NMESSAGES vs BMMESSAGE: Based on creating a low maximum size for NMESSAGE to allow ISs to store a high volume of them, DSs could allow a much larger maximum size of BMMESSAGEs. Unlike the current network a 10mb message would not severly damage the overal network health, indeed it may not even effect the node that it is uploading to).
Recieving Messages
- Periodically the reciever connects to its ISs (*) and requests any NMESSAGEs for its MTAGS
- The reciever decrypts the NMESSAGE
- The reciever connects to the listed DSs to get the lsited BMMESSAGEs
* Variation: A IS could require that a valid server pasphrase is supplied in order to retrieve NMESSAGES. This comes at a cost to a users anonyminity as if different passphrases are supplied to different clients, a operator could the determine what MTAGs are destined for the same client. It would then be preferable for anyone wishing to operate a private server (e.g. businesses) to use BitMessage software that supports ?SOCKS?.
Possible attack: If a client does not using a changing IP address or reuses the same connection in its request for MTAGs, the IS (or DS in the case of hashes), would be able to determine that the objects are linked to the one address (and potentially IP).
Where does onion routing come into all of this?
With the above architecture, an attack can oobserve connections to the various servers to determine who is using it (and by examning the size of data exchanges, what they are using it for). (Note: it would be highly suggested that servers self publish their public key to a DIR so that clients can establish secure communications). In BitMessage, this was mitigated by all nodes transferring all data, irrespective of whether it was destined to them or not. This however does not scale well, and makes smartphone cleints prohibitive. This new system has a heavy need for onion routing, so that the IP address of a conenction cannot be used to identify a user, or group different MTAGs or BMMESSAGE hashes together.

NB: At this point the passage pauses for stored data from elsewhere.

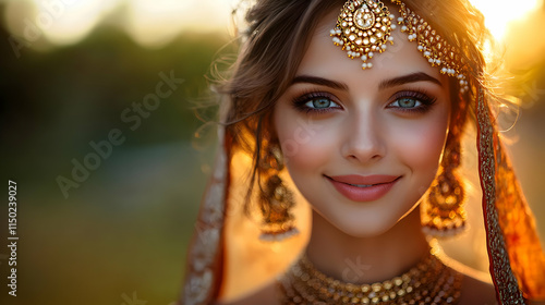 Close-Up Portrait Woman Traditional Chinese Makeup Futuristic Accessories Copy Space Right
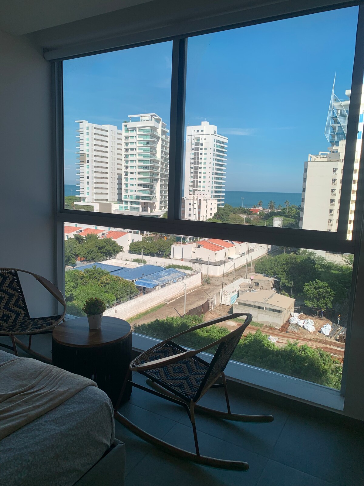 Uživajte v čudovitem razgledu na ocean iz tega sodobnega stanovanja v 11. nadstropju z vso opremo, kot so topla voda, klimatska naprava, čudovita velika okna in balkon. Stavba je sodobna in precej nova. Vaše parkirno mesto je vključeno. Nahajate se na plaži v čudovitem zalivu Santa Martha Stavba ima masažno kad, bazene za odrasle in otroke Območje je varno in ima restavracije in trgovine, vendar je mirno. ENJLOY DOBRODOŠLI ! Od februarja 2026 imamo novo kodo za Wi-Fi: 926719.
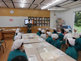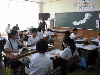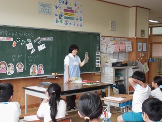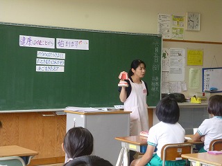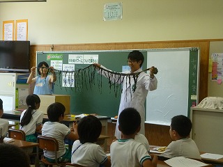 同日、3年生を対象に食育の授業が行われました。「わかめパワーを知ろう」という題で、理研の講師の方から、わかめには食物繊維があるため、体の調子を良くするということを教えていただきました。実際の3メートルもあるわかめの実物を見た子どもたちは、とても驚いていました。お昼休みに家庭科室に展示されましたが、磯のにおいが廊下まで広がっていました。
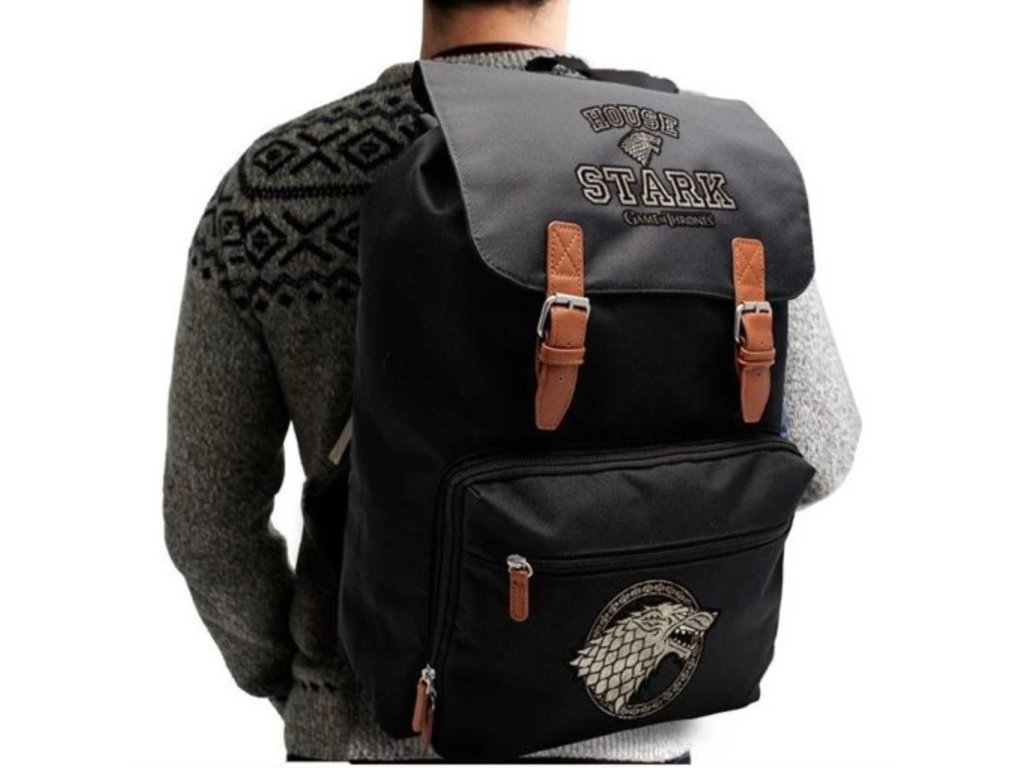 Batoh s logem fantasy dramatickho seriálu Game of Thrones a grafikou rodového znaku Starků. Černý batoh s dvěmi kapsami na přední straně a velký úložný prostor uvnitř. Polstrované a délkově nastavitelné popruhy a ucho pro nošení v ruce. Má magnetické uzávěry.

This then asks an important question: Should clients know to use TOR (and hence it would be prefferable for the maintainers of client software to build in TOR), or should the BM network build its own onion routing network?.
Conclusion
Whilst I have done my best to nut out most of the questions, possibilities and issues I doubt I have covered them all. If I have missed anything feel free to point it out. Also, although this may seem like a proposal, it is a rather drastic change to the concept of BitMessage and should be up for lots of discussion.